Justus von Liebig
Justus von Liebig | |
---|---|
Justus von Liebig | |
Born |
May 12, 1803 |
Died | April 18, 1873 |
Residence | Germany |
Nationality | German |
Field | Chemist |
Institutions | University of Giessen University of Munich |
Alma mater | University of Bonn University of Erlangen |
Academic advisor | Karl Wilhelm Gottlob Kastner |
Notable students | Carl Schmidt August Wilhelm von Hofmann |
Known for | Nitrogen Law of the Minimum Liebig condenser |
Justus von Liebig (May 12, 1803 – April 18, 1873) was a German chemist who made analytical chemistry accessible to a generation of European, British and American scientists by his innovative educational curriculum. He expanded the scientific understanding of organic compounds, and championed the use of chemical fertilizers for agriculture. He developed laboratory equipment that shortened the time required to perform a chemical analysis.
Biography
Early years
Liebig was born in Darmstadt, the second son of Johann George Liebig and Maria Caroline Moeser. Liebig's father was a vendor of chemical supplies and hardware. From an early age, Liebig developed an interest in chemistry from working in his father's business. At the age of 16 he was apprenticed to the apothecary Gottfried Pirsch (1792-1870) in Heppenheim.
Student days
Liebig attended the University of Bonn, studying under Karl Wilhelm Gottlob Kastner, a business associate of his father. When Kastner moved to the University of Erlangen, Liebig followed him and later took his doctorate from Erlangen. Also at Erlangen, Liebig developed a friendship with the poet August von Platen (1796-1835), who wrote several sonnets dedicated to Liebig.

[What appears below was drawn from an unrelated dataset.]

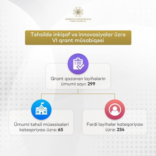 Azərbaycan Respublikası Prezidentinin sərəncamı ilə təsis edilən və hər il keçirilən təhsildə inkişaf və innovasiyalar üzrə qrant müsabiqəsinin builki nəticələri açıqlanıb. Müsabiqəyə ümumilikdə 1101 layihə təqdim edilib ki, bu da ötən illə müqayisədə 130 layihə çoxdur. Daxil olan layihələrin 256-sı ümumi təhsil müəssisələrinin, 845-i təhsilverənlərin fərdi layihələri olub.
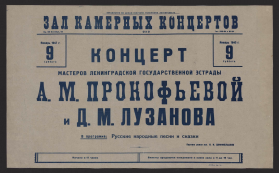 Концерт мастеров Ленинградской государственной эстрады А.М. Прокофьевой и Д.М. Лузанова, Январь 1943 г., 9 Суббота : [афиша] / Управление по делам искусств Исполкома Ленгорсовета, Зал камерных концертов

Liebig left Erlangen in March 1822, in part because of his involvement with the radical politics of the time but also because of his dissatisfaction with chemistry teaching there. Liebig himself noted that "the total neglect of experiment was the source of much mischief, and the persistence of the degenerate deductive method led to neglect of the careful observation of nature" (Tilden 1921, 191).
In the autumn of 1822 Liebig went to study in Paris on a grant obtained for him by Kastner from the Hessian government. He worked in the private laboratory of Joseph Louis Gay-Lussac for about two years, during which time he made the acquaintance of European scientists of repute, including Alexander von Humboldt and Georges Cuvier.
Research and teaching
In 1823, Liebig published his first scientific papers in conjunction with Gay-Lussac. Much of his early research focused on the properties of mercury and silver fulminate, for which he determined empirical formulas.
After leaving Paris, Liebig returned to Darmstadt and married Henriette Moldenhauer, the daughter of a state official.
In 1824 at the age of 21 and with Humboldt's recommendation, Liebig became an assistant professor at the University of Giessen, soon advancing to full professor of chemistry in 1827.
Liebig was enamored with Gay-Lussac's emphasis on laboratory work, and adopted this philosophy in the formation of his teaching curriculum. He established what became one of the first, and certainly the most influential, industrial-style research laboratories. Students flocked to the University of Giessen, where they could be sure to learn techniques of analytical chemistry and work in the budding field of organic chemistry. Liebig often used his influence on his students to focus research in the areas of his own interest. His teaching laboratory concentrated on the analysis of organic compounds.
The research partnership of Liebig and Wöhler
In the 1830s, Liebig began a research partnership with Friedrich Wöhler, who had already purified aluminum and synthesized the first organic compound, uric acid. Wöhler had prepared silver cyanate, and Liebig, Silver fulminate, each of which had the same proportion of elements in their composition while they exhibited different properties. These chemicals were among the very first recognized examples of isomers, a term coined by Swedish chemist Jöns Jakob Berzelius. Liebig and Wöhler worked together in order to unravel the complex nature of organic chemistry, which was just then becoming a major field of research. They discovered the benzoyl radical, from which many organic compounds could be derived by small alterations in its chemistry. The two scientists experimented with derivatives of uric acid that were later used in the dye industry. They also created derivatives from bitter almond oil, and established the composition of cyanic acid and numerous other organic compounds and their derivatives. They also instituted the use of laboratory animals, and performed many experiments to determine metabolic byproducts of living systems.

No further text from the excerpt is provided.